Below are lines of records; copy exactly those from the one containing "- Зайдите на" through the one containing "이같은 사실이 알려지면서", leaving the pictures behind.

» PROVIDED RECORDS:
.....
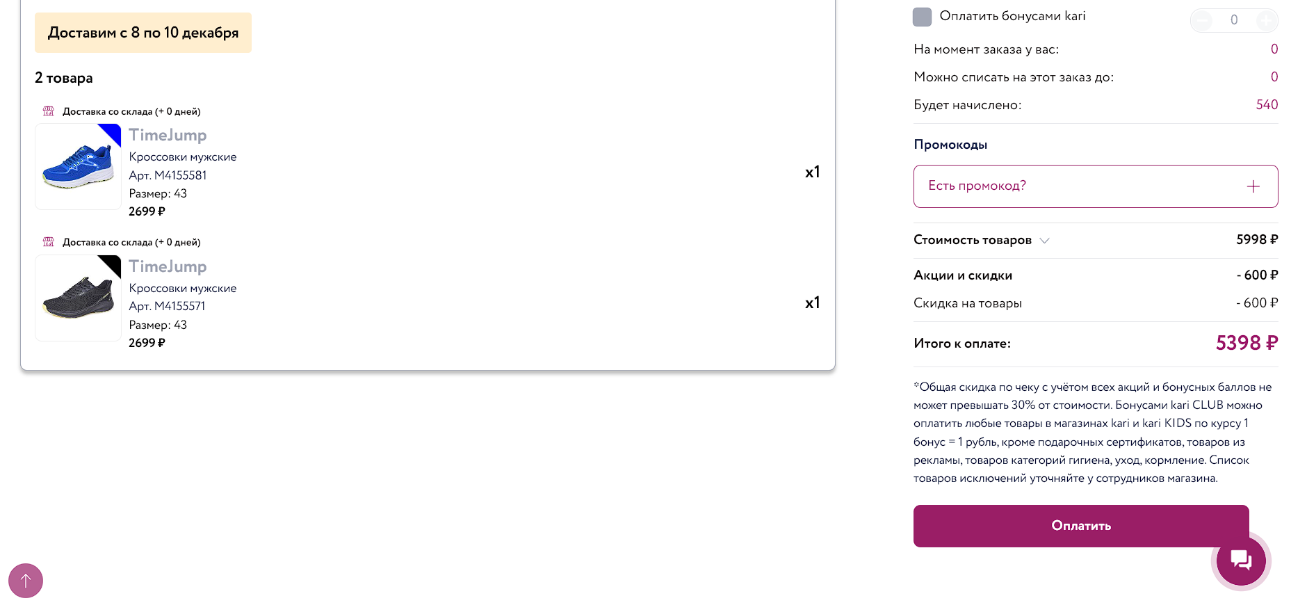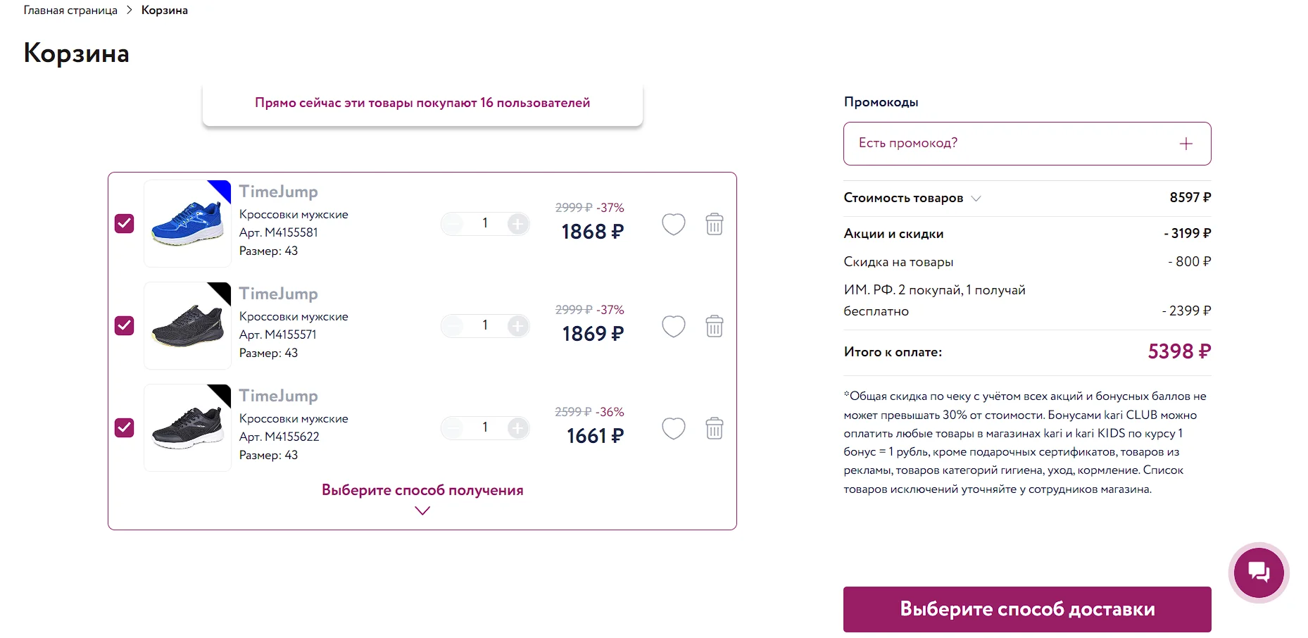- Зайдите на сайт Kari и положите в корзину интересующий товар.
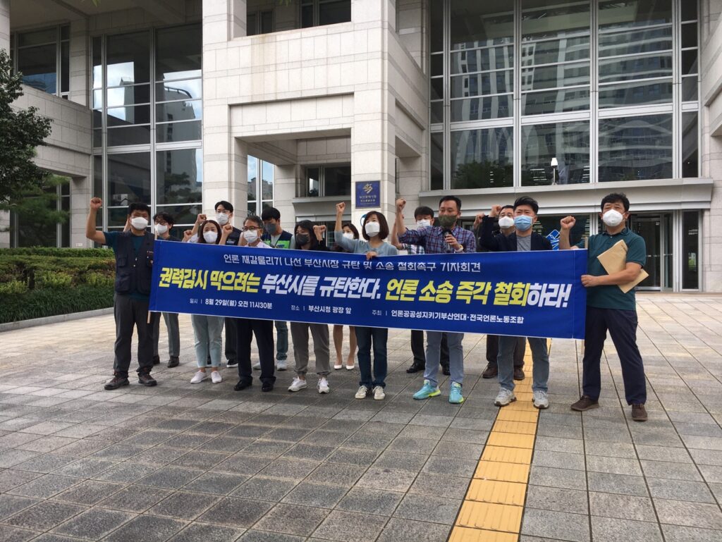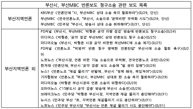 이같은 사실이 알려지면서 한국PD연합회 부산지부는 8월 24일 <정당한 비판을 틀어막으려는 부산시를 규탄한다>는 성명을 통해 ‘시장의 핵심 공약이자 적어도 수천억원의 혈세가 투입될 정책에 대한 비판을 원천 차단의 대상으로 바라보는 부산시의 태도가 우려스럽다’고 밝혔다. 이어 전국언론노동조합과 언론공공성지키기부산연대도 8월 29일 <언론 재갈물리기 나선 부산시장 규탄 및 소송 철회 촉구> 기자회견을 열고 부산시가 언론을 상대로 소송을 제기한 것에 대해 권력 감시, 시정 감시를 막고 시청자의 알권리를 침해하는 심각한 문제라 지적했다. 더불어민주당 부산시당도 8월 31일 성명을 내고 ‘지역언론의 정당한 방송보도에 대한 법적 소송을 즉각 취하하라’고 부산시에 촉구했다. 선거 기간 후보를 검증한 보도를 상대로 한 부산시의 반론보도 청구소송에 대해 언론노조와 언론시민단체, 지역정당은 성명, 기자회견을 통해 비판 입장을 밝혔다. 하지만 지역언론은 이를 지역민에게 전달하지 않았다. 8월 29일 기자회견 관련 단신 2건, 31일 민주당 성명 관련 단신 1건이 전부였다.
.....
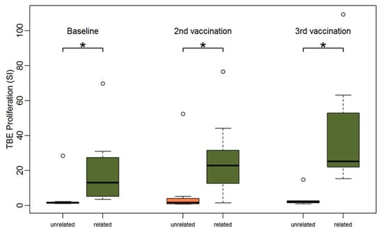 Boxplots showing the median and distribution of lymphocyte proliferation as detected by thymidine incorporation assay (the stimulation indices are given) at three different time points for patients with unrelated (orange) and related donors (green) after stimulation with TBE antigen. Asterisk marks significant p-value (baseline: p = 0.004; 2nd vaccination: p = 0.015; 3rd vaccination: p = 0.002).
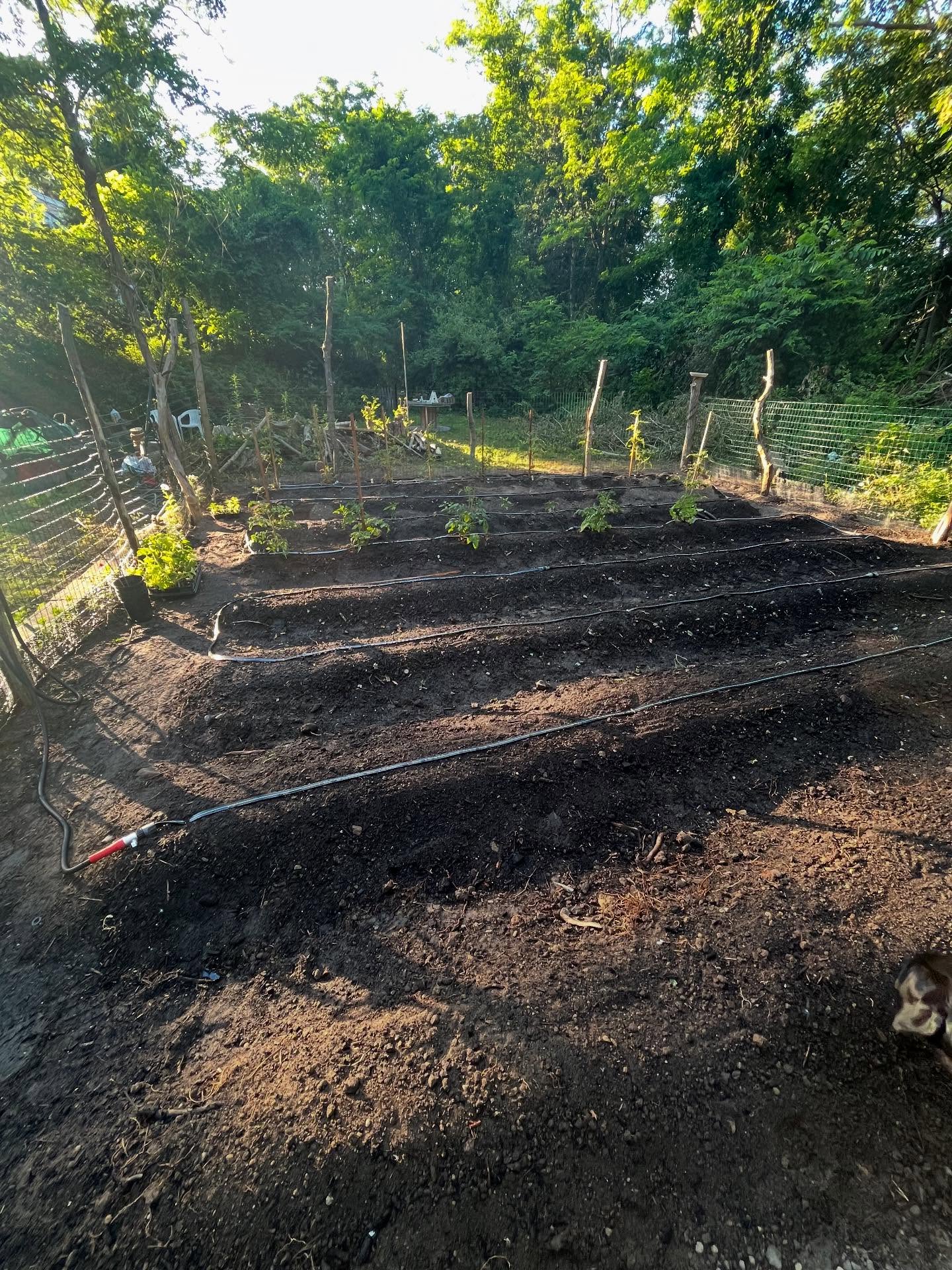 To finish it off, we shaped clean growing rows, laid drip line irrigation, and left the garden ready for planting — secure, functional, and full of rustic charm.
.....
» COMPLETED EXERCISE:
- Зайдите на сайт Kari и положите в корзину интересующий товар.
 이같은 사실이 알려지면서 한국PD연합회 부산지부는 8월 24일 <정당한 비판을 틀어막으려는 부산시를 규탄한다>는 성명을 통해 ‘시장의 핵심 공약이자 적어도 수천억원의 혈세가 투입될 정책에 대한 비판을 원천 차단의 대상으로 바라보는 부산시의 태도가 우려스럽다’고 밝혔다. 이어 전국언론노동조합과 언론공공성지키기부산연대도 8월 29일 <언론 재갈물리기 나선 부산시장 규탄 및 소송 철회 촉구> 기자회견을 열고 부산시가 언론을 상대로 소송을 제기한 것에 대해 권력 감시, 시정 감시를 막고 시청자의 알권리를 침해하는 심각한 문제라 지적했다. 더불어민주당 부산시당도 8월 31일 성명을 내고 ‘지역언론의 정당한 방송보도에 대한 법적 소송을 즉각 취하하라’고 부산시에 촉구했다. 선거 기간 후보를 검증한 보도를 상대로 한 부산시의 반론보도 청구소송에 대해 언론노조와 언론시민단체, 지역정당은 성명, 기자회견을 통해 비판 입장을 밝혔다. 하지만 지역언론은 이를 지역민에게 전달하지 않았다. 8월 29일 기자회견 관련 단신 2건, 31일 민주당 성명 관련 단신 1건이 전부였다.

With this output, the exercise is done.